* [HOW TO COMPLETE THIS TASK] In the listing below, find the line with "This contemporary table" and the line with "Panorama of Rim". Repeat those two lines and all lines between them exactly.

* [PROVIDED DATA]
-- Opening Marker --
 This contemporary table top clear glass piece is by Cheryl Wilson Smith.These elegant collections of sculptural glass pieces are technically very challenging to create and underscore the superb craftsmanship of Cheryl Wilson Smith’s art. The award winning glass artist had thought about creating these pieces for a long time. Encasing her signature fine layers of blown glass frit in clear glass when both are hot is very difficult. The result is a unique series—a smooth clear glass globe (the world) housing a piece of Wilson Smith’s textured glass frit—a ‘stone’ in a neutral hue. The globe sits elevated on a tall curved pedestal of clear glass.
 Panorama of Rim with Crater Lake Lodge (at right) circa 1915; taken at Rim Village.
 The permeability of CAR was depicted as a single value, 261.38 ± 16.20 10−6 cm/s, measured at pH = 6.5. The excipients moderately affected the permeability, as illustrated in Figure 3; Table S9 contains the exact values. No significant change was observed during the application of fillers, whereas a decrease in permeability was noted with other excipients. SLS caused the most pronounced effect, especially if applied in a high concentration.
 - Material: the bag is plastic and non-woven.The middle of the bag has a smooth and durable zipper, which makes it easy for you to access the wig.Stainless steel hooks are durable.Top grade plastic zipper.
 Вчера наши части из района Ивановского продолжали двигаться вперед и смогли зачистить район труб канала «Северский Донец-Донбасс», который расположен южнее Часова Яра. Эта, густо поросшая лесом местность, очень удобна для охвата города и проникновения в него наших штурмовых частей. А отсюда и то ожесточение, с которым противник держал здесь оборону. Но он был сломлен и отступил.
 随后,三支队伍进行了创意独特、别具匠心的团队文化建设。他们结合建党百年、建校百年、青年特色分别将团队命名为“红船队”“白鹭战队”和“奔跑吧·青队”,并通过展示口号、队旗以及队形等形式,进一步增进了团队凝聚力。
-- Closing Marker --
-- Opening Marker --
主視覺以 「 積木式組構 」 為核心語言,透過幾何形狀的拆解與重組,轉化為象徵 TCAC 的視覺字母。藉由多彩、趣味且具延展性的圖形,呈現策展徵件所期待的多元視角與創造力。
-- Closing Marker --
* [PROBLEM SOLUTION]
 This contemporary table top clear glass piece is by Cheryl Wilson Smith.These elegant collections of sculptural glass pieces are technically very challenging to create and underscore the superb craftsmanship of Cheryl Wilson Smith’s art. The award winning glass artist had thought about creating these pieces for a long time. Encasing her signature fine layers of blown glass frit in clear glass when both are hot is very difficult. The result is a unique series—a smooth clear glass globe (the world) housing a piece of Wilson Smith’s textured glass frit—a ‘stone’ in a neutral hue. The globe sits elevated on a tall curved pedestal of clear glass.
 Panorama of Rim with Crater Lake Lodge (at right) circa 1915; taken at Rim Village.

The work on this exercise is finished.